What do these numbers mean?
We created a fictional company called FinCorp with its own proprietary credit decisioning rules. These rules differ from standard banking logic. We then tested whether different training methods could teach these rules to an LLM.
- The baseline model (Qwen3-14B-Instruct with no fine-tuning) scored 33.8%. This is essentially random guessing across four categories. This makes sense. The model knows general finance, but it has no idea about FinCorp’s secret policies.
- RL improved slightly to 43.3%, but mostly by getting better at the intuitive rules, such as rejecting companies with dangerous burn rates. It completely failed to learn the counterintuitive rules.
- SFT reached 88.3%, learning both the intuitive and counter-intuitive rules effectively.
Key findings
- SFT outperformed RL by 45% points (88% compared with 43%) on overall accuracy.
- The implicit VIP rule was nearly impossible for RL to learn (7.1% compared with 85.7% for SFT), a twelvefold difference.
- RL showed mode collapse, with the model converging to predicting only two of the four classes (REJECT_RISK and A_PLUS_TIER).
- The baseline model already understood REJECT_RISK (91.7%), which indicates intuitive reasoning about financial risk.
Evaluation tasks
Task 1: FinCorp Credit Decision Classification
- 800 synthetic applications with balanced classes
- Output must be one of four decisions
- Evaluated with exact match accuracy
Task 2: Implicit Rule Learning (MANUAL_REVIEW Subset)

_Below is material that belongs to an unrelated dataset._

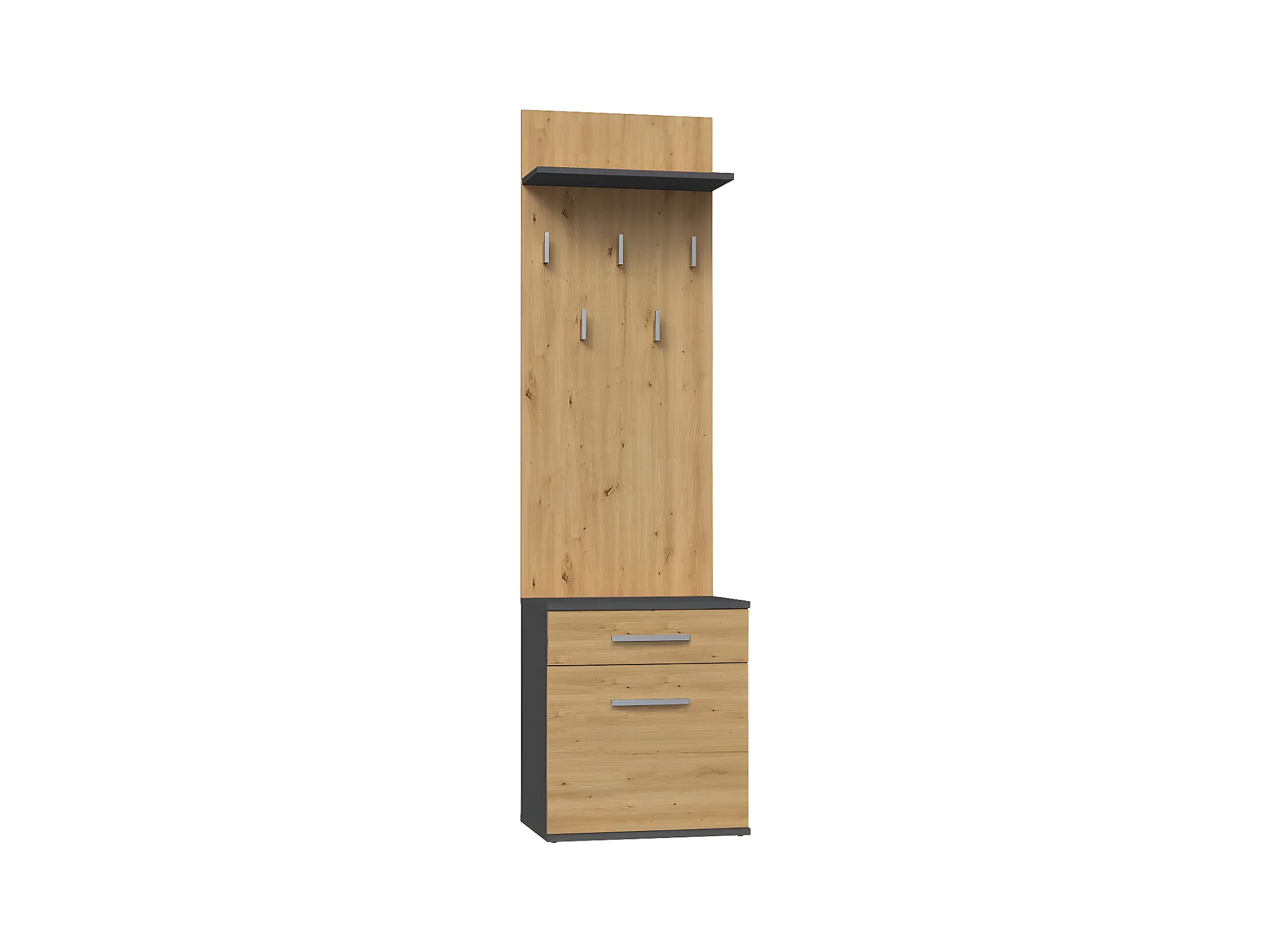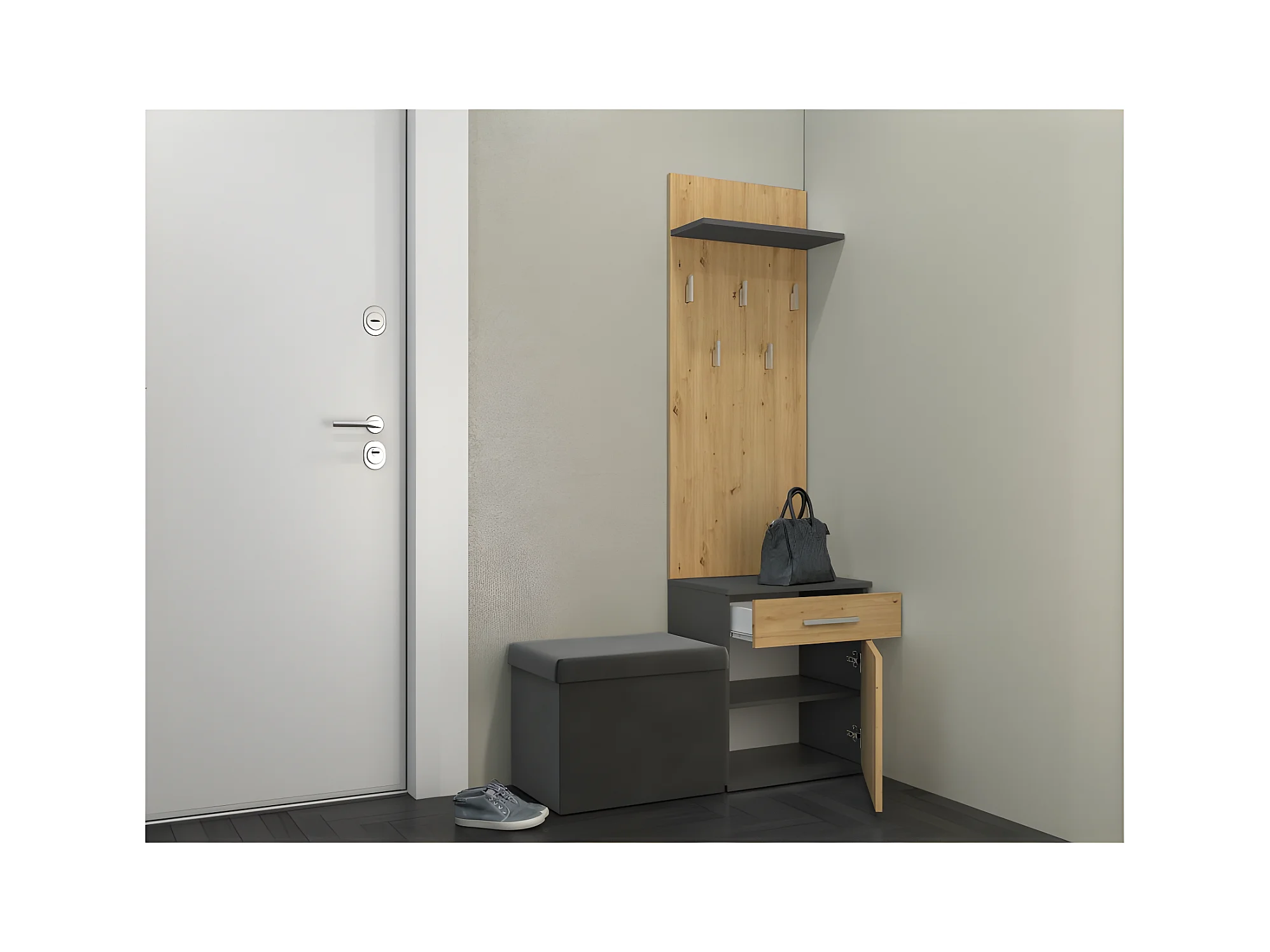 VIONI - Meuble vestiaire d'entrée - Portemanteau mural avec étagère - 5 crochets - Tiroir + meuble de rangement

- 36 test cases where the founder has a VIP background
- Financial metrics are randomized
- The only correct criterion is the founder’s background
Why not just use a system prompt?
Two reasons:
- Security: Proprietary business logic should not appear in prompts.

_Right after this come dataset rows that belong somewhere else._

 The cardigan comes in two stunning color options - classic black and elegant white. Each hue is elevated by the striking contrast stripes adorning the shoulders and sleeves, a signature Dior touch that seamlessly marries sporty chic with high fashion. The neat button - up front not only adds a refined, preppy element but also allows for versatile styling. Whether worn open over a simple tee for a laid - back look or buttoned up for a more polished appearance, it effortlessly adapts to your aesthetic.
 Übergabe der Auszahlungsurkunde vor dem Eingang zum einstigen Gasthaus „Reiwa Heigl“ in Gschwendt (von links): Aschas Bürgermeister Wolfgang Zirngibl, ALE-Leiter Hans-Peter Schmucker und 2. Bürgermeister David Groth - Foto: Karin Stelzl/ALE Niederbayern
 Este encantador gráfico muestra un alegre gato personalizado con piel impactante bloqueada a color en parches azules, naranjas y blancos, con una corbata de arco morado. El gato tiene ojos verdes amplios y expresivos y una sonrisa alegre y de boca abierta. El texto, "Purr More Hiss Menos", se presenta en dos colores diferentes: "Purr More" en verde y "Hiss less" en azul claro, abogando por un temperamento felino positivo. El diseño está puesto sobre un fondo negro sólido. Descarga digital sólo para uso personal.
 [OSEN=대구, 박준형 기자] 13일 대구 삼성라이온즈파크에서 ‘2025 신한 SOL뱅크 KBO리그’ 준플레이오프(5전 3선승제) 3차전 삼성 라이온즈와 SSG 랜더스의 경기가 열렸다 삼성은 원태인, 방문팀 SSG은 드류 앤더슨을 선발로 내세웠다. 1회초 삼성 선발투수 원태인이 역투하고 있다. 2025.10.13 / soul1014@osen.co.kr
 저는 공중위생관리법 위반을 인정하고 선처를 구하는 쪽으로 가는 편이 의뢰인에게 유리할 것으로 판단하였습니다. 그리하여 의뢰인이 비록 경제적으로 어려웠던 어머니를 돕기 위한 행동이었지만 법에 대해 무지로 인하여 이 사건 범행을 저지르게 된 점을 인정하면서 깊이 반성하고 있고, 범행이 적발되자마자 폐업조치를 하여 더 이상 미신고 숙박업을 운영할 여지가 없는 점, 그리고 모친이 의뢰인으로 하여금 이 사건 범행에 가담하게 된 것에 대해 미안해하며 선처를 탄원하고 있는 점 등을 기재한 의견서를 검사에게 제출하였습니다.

- Complexity: Real companies may have dozens of rules that cannot reasonably fit in a prompt.
Fine-tuning embeds the rules directly into the model weights and avoids exposing them in the prompt.
Technical analysis and recommendations from our benchmark
Why RL failed: The credit assignment problem
- RL provides a sparse and delayed learning signal. The model receives a negative reward but no explanation of what would have been correct.
- SFT provides explicit supervision. Every output token is guided toward the correct target.
Why RL showed mode collapse
Training logs indicate that the model converged to a narrow set of predictions that yielded occasional positive rewards. Exploration decreased, and the model failed to attempt the VIP logic at all.
When to use each method
This benchmark focuses on a case in which SFT has a structural advantage.
The hybrid approach
In practice, strong models often follow this sequence:
- SFT to teach the capability.
- RL to refine preferences and behavior.
This is the approach used in systems like ChatGPT and Claude.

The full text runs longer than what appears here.